Exercise prompt. With the images excluded, set down every line of the listing below exactly.

Data.
- - - - -

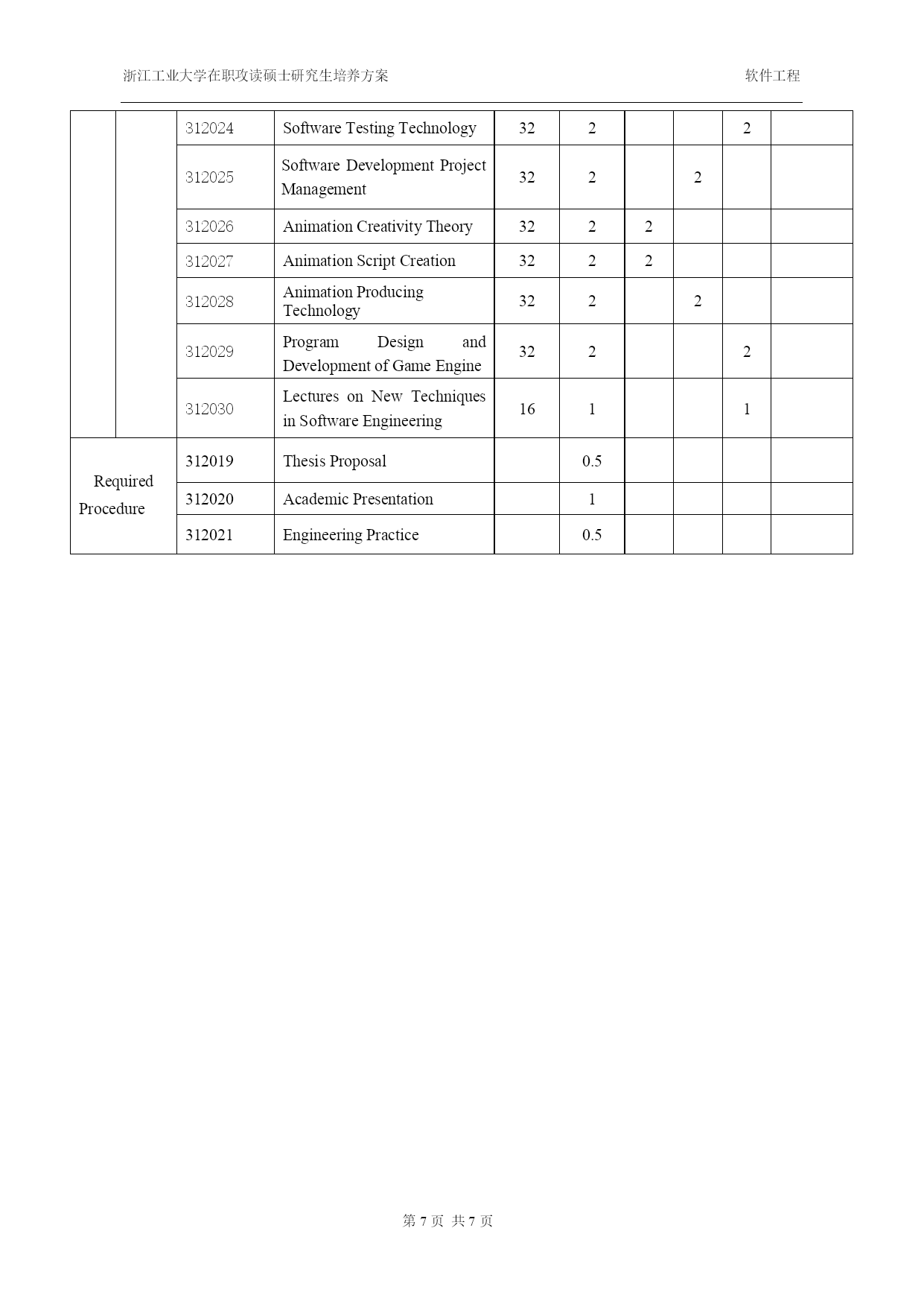 浙江工业大学在职攻读硕士研究生培养方案软件工程第页共NUMPAGES7页计算机科学与技术学院、软件学院软件工程领域培养方案概述本学位点依托浙江省重点学科——计算机软件与理论学科,现有教授18人,副教授17人。本学位点近3年来承担了国家重点基础研究发展规划项目(国家973课题)、国家高科技计划项目(国家863课题)、国家自然科学基金、国家教育部重点研究项目、浙江省自然科学基金项目、浙江省科技计划项目等30多项,科研经费近2,000万元,在各种核心刊物上发表论文300余篇。获得省科技进步二、三等奖,省政府教学成果奖,省教委科技进步二等奖等多项重要成果。本学位点和与北京航空航天大学、中国科学院遥感研究所、中国科学院地理研究所、美国辛辛那提大学、英国拉夫堡大学、瑞典布莱津工学院、IBM公司、杭州国家软件基地、杭州国家动画基地、杭州国家数字娱乐产业基地等单位在科研和联合培养研究生方面开展合作。一、培养目标软件工程领域工程硕士的培养目标是面向国民经济信息化建设和发展的需要、面向企事业单位对软件工程技术人才的需求,培养高层次实用型、复合型软件工程技术和软件工程管理人才。具体要求为:较好地掌握马克思主义、毛泽东思想和邓小平理论;拥护党的基本路线和方针、政策;热爱祖国、遵纪守法,具有良好的职业道德和创业精神,积极为我国经济建设和社会发展服务。掌握软件工程领域扎实的基础理论和宽广的专业知识;具有很强的工程实践能力,具备运用先进的工程化方法、技术和工具从事软件分析、设计、开发、维护等工作的能力,以及工程项目的组织与管理能力、团队协作能力、技术创新能力和市场开拓能力。掌握一门外语,具备良好的阅读、理解和撰写外语资料的能力和进行国际化交流的能力。二、研究方向1.软件设计与高级开发技术2.软件工程技术3.信息安全技术4.计算机网络技术及应用5.嵌入式软件技术6.电子政务和电子商务7.计算机智能系统8.企业信息化9.计算机控制与管理系统10.软件分析与测试技术11.软件质量保证12.信息管理与信息系统13.数字媒体技术14.无线传感网络、物联网15.软件项目管理三、培养方式及学习期限在职攻读工程硕士专业学位的研究生采取在职学习的方式,课程学习实行学分制。修业年限2~5年,基本学制为3年,其中在校学习的时间累计不少于6个月。四、课程设置与学分要求工程硕士研究生课程由学位课、非学位课和必修环节三部分组成,实行学分制。攻读工程硕士专业学位的研究生,应获得的总学分不少于32学分,其中学位课学分不少于21学分。具体详见课程设置一览表。五、培养过程实施1.制订个人培养计划攻读工程硕士专业学位的研究生入学后,在导师指导下根据本领域培养方案和研究生本人的具体情况制定个人培养计划,经学院负责人审定后实施。2.中期考核攻读工程硕士专业学位的研究生课程学习结束后,需填写《浙江工业大学研究生中期考核表》,由学院进行中期考核。中期考核内容主要包括思想品德、课程学习、开题报告情况等,中期考核合格后方可进入学位论文阶段。3.开题报告工程硕士论文选题应直接来源于生产实际或具有明确的工程背景,其研究成果要有实际应用价值,论文拟解决的问题要有一定的技术难度和工作量,论文要具有一定的理论深度和先进性,能体现研究生综合运用科学理论、方法和技术手段解决工程实际问题的能力。具体可从以下几个方面选取:技术攻关、技术改造、技术推广与应用;新工艺、新材料、新产品、新设备的研制与开发;引进、消化、吸收和应用国外先进技术项目;应用基础性研究、预研专题;一个较为完整的工程技术项目或工程管理项目的规划或研究;工程设计与实施。攻读工程硕士专业学位的研究生应在学校导师与企业导师的共同指导下进行论文选题工作,通过查阅有关文献资料,掌握课题研究领域国内外最新发展动态,以保证选题的实用性和先进性。选题后需做开题报告,并填写《浙江工业大学研究生学位论文开题报告申请表》,经由三至五人组成的专家小组审议通过后,方可进行论文工作。论文应具有一定的工作量,一般选题确定后,用于论文工作的时间不少于一学年。4.论文中期检查论文工作阶段实行研究生定期汇报检查制度。研究生在论文工作期间,应定期向导师汇报论文进展,包括论文工作的进展情况和取得的成果,下一阶段的论文工作安排,对论文技术难点及工作成果的评价等。5.学位论文工程硕士学位论文必须在导师的指导下由研究生本人独立完成。学位论文由校内具有工程实践经验的导师与工矿企业或工程部门经单位推荐的业务水平高、责任心强的具有高级技术职称的人员联合指导,来自企业的导师由学校按程序办理聘任手续。学位论文要求能综合运用基础理论、科学方法、专业知识和技术手段对工程实际问题进行分析研究,并能在某方面提出独立见解;论文写作要
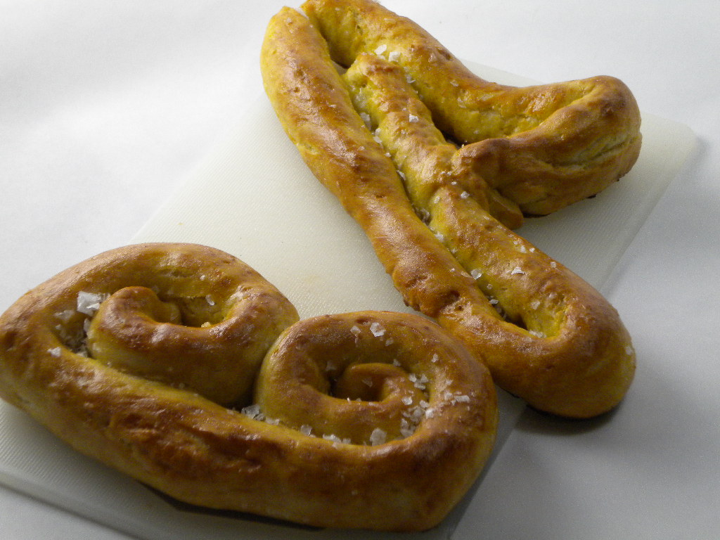 - Shape into 6 pretzels, and dip into the baking soda solution.
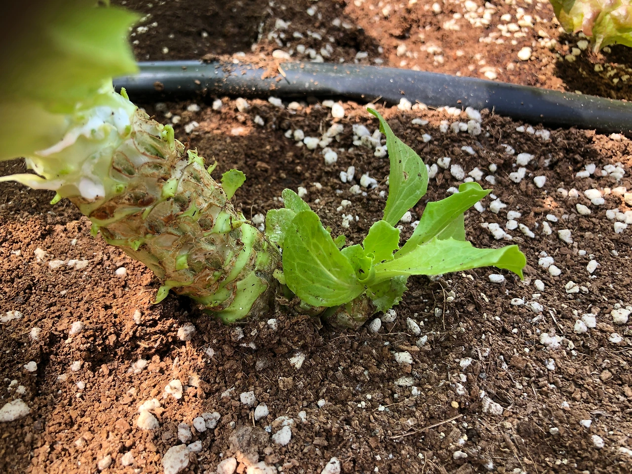 상추잎을 딸 때에는 너덜너덜하게 잔이파리를 남겨두지 않는다. 잔이파리를 남겨두지 않는 요령이 있다. 상추잎은 뜯어내듯이 따내면 안 된다. 상추잎을 딸 때에 줄기에 붙은 부분을 바짝 붙여 잡고 살짝 아래로 눌러 준 후에 옆으로 돌려서 따면 깔끔하게 따낼 수 있다. 유튜브에서 언젠가 들은 내용이지만, 잔이파리를 남겨 두면 수확을 하지 않은 것으로 인식을 한다고 한다. 공감이 가는 내용이다. 잔이파리가 너덜너덜하게 남아 있으면 그 사이로 곁줄기가 새로 나오는 현상도 생길 수 있다. 보기에도 좋지 않다. 게다가 꽃대가 일찍 올라오는 것을 막는 데에도 방해가 될 수 있다. 올 초에 흙 속에서 올라온 벌레가 어린 상추모종을 먹은 적이 있었다. 인체에 해가 없는 미생물 성분의 친환경 토양살충제를 조금 더 뿌려주고 나서 그 문제는 해결했다. 하지만 그로 인한 부작용으로 벌레가 먹다만 상추모종이 자라면서 옆으로 곁줄기들이 생기는 모습을 보면서도 확인하게 되었다. 곁줄기가 생기거나 두 개의 상추가 붙어서 자라면 이파리가 작고 촘촘하게 자라서 아삭한 상태의 맛있는 상추로 자라지를 못한다.
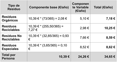 1. Componente variable: Basado en la cantidad de residuos sólidos urbanos generados, medidos en kilogramos por día mediante el sistema de pesaje implementado por el Ayuntamiento.
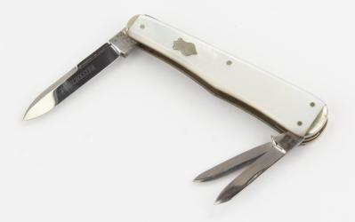 B67-633 MOTHER OF PEARL HANDLED POCKET KNIFE. Winchester. 3" handle with three blades, very clean. Winchester engraved on two blades, faint but legible, and metal shield inlaid into handle. One tight crack in mother of pearl near joint. Good+ 125-250

- - - - -

Task output.
 浙江工业大学在职攻读硕士研究生培养方案软件工程第页共NUMPAGES7页计算机科学与技术学院、软件学院软件工程领域培养方案概述本学位点依托浙江省重点学科——计算机软件与理论学科,现有教授18人,副教授17人。本学位点近3年来承担了国家重点基础研究发展规划项目(国家973课题)、国家高科技计划项目(国家863课题)、国家自然科学基金、国家教育部重点研究项目、浙江省自然科学基金项目、浙江省科技计划项目等30多项,科研经费近2,000万元,在各种核心刊物上发表论文300余篇。获得省科技进步二、三等奖,省政府教学成果奖,省教委科技进步二等奖等多项重要成果。本学位点和与北京航空航天大学、中国科学院遥感研究所、中国科学院地理研究所、美国辛辛那提大学、英国拉夫堡大学、瑞典布莱津工学院、IBM公司、杭州国家软件基地、杭州国家动画基地、杭州国家数字娱乐产业基地等单位在科研和联合培养研究生方面开展合作。一、培养目标软件工程领域工程硕士的培养目标是面向国民经济信息化建设和发展的需要、面向企事业单位对软件工程技术人才的需求,培养高层次实用型、复合型软件工程技术和软件工程管理人才。具体要求为:较好地掌握马克思主义、毛泽东思想和邓小平理论;拥护党的基本路线和方针、政策;热爱祖国、遵纪守法,具有良好的职业道德和创业精神,积极为我国经济建设和社会发展服务。掌握软件工程领域扎实的基础理论和宽广的专业知识;具有很强的工程实践能力,具备运用先进的工程化方法、技术和工具从事软件分析、设计、开发、维护等工作的能力,以及工程项目的组织与管理能力、团队协作能力、技术创新能力和市场开拓能力。掌握一门外语,具备良好的阅读、理解和撰写外语资料的能力和进行国际化交流的能力。二、研究方向1.软件设计与高级开发技术2.软件工程技术3.信息安全技术4.计算机网络技术及应用5.嵌入式软件技术6.电子政务和电子商务7.计算机智能系统8.企业信息化9.计算机控制与管理系统10.软件分析与测试技术11.软件质量保证12.信息管理与信息系统13.数字媒体技术14.无线传感网络、物联网15.软件项目管理三、培养方式及学习期限在职攻读工程硕士专业学位的研究生采取在职学习的方式,课程学习实行学分制。修业年限2~5年,基本学制为3年,其中在校学习的时间累计不少于6个月。四、课程设置与学分要求工程硕士研究生课程由学位课、非学位课和必修环节三部分组成,实行学分制。攻读工程硕士专业学位的研究生,应获得的总学分不少于32学分,其中学位课学分不少于21学分。具体详见课程设置一览表。五、培养过程实施1.制订个人培养计划攻读工程硕士专业学位的研究生入学后,在导师指导下根据本领域培养方案和研究生本人的具体情况制定个人培养计划,经学院负责人审定后实施。2.中期考核攻读工程硕士专业学位的研究生课程学习结束后,需填写《浙江工业大学研究生中期考核表》,由学院进行中期考核。中期考核内容主要包括思想品德、课程学习、开题报告情况等,中期考核合格后方可进入学位论文阶段。3.开题报告工程硕士论文选题应直接来源于生产实际或具有明确的工程背景,其研究成果要有实际应用价值,论文拟解决的问题要有一定的技术难度和工作量,论文要具有一定的理论深度和先进性,能体现研究生综合运用科学理论、方法和技术手段解决工程实际问题的能力。具体可从以下几个方面选取:技术攻关、技术改造、技术推广与应用;新工艺、新材料、新产品、新设备的研制与开发;引进、消化、吸收和应用国外先进技术项目;应用基础性研究、预研专题;一个较为完整的工程技术项目或工程管理项目的规划或研究;工程设计与实施。攻读工程硕士专业学位的研究生应在学校导师与企业导师的共同指导下进行论文选题工作,通过查阅有关文献资料,掌握课题研究领域国内外最新发展动态,以保证选题的实用性和先进性。选题后需做开题报告,并填写《浙江工业大学研究生学位论文开题报告申请表》,经由三至五人组成的专家小组审议通过后,方可进行论文工作。论文应具有一定的工作量,一般选题确定后,用于论文工作的时间不少于一学年。4.论文中期检查论文工作阶段实行研究生定期汇报检查制度。研究生在论文工作期间,应定期向导师汇报论文进展,包括论文工作的进展情况和取得的成果,下一阶段的论文工作安排,对论文技术难点及工作成果的评价等。5.学位论文工程硕士学位论文必须在导师的指导下由研究生本人独立完成。学位论文由校内具有工程实践经验的导师与工矿企业或工程部门经单位推荐的业务水平高、责任心强的具有高级技术职称的人员联合指导,来自企业的导师由学校按程序办理聘任手续。学位论文要求能综合运用基础理论、科学方法、专业知识和技术手段对工程实际问题进行分析研究,并能在某方面提出独立见解;论文写作要
 - Shape into 6 pretzels, and dip into the baking soda solution.
 상추잎을 딸 때에는 너덜너덜하게 잔이파리를 남겨두지 않는다. 잔이파리를 남겨두지 않는 요령이 있다. 상추잎은 뜯어내듯이 따내면 안 된다. 상추잎을 딸 때에 줄기에 붙은 부분을 바짝 붙여 잡고 살짝 아래로 눌러 준 후에 옆으로 돌려서 따면 깔끔하게 따낼 수 있다. 유튜브에서 언젠가 들은 내용이지만, 잔이파리를 남겨 두면 수확을 하지 않은 것으로 인식을 한다고 한다. 공감이 가는 내용이다. 잔이파리가 너덜너덜하게 남아 있으면 그 사이로 곁줄기가 새로 나오는 현상도 생길 수 있다. 보기에도 좋지 않다. 게다가 꽃대가 일찍 올라오는 것을 막는 데에도 방해가 될 수 있다. 올 초에 흙 속에서 올라온 벌레가 어린 상추모종을 먹은 적이 있었다. 인체에 해가 없는 미생물 성분의 친환경 토양살충제를 조금 더 뿌려주고 나서 그 문제는 해결했다. 하지만 그로 인한 부작용으로 벌레가 먹다만 상추모종이 자라면서 옆으로 곁줄기들이 생기는 모습을 보면서도 확인하게 되었다. 곁줄기가 생기거나 두 개의 상추가 붙어서 자라면 이파리가 작고 촘촘하게 자라서 아삭한 상태의 맛있는 상추로 자라지를 못한다.
 1. Componente variable: Basado en la cantidad de residuos sólidos urbanos generados, medidos en kilogramos por día mediante el sistema de pesaje implementado por el Ayuntamiento.
 B67-633 MOTHER OF PEARL HANDLED POCKET KNIFE. Winchester. 3" handle with three blades, very clean. Winchester engraved on two blades, faint but legible, and metal shield inlaid into handle. One tight crack in mother of pearl near joint. Good+ 125-250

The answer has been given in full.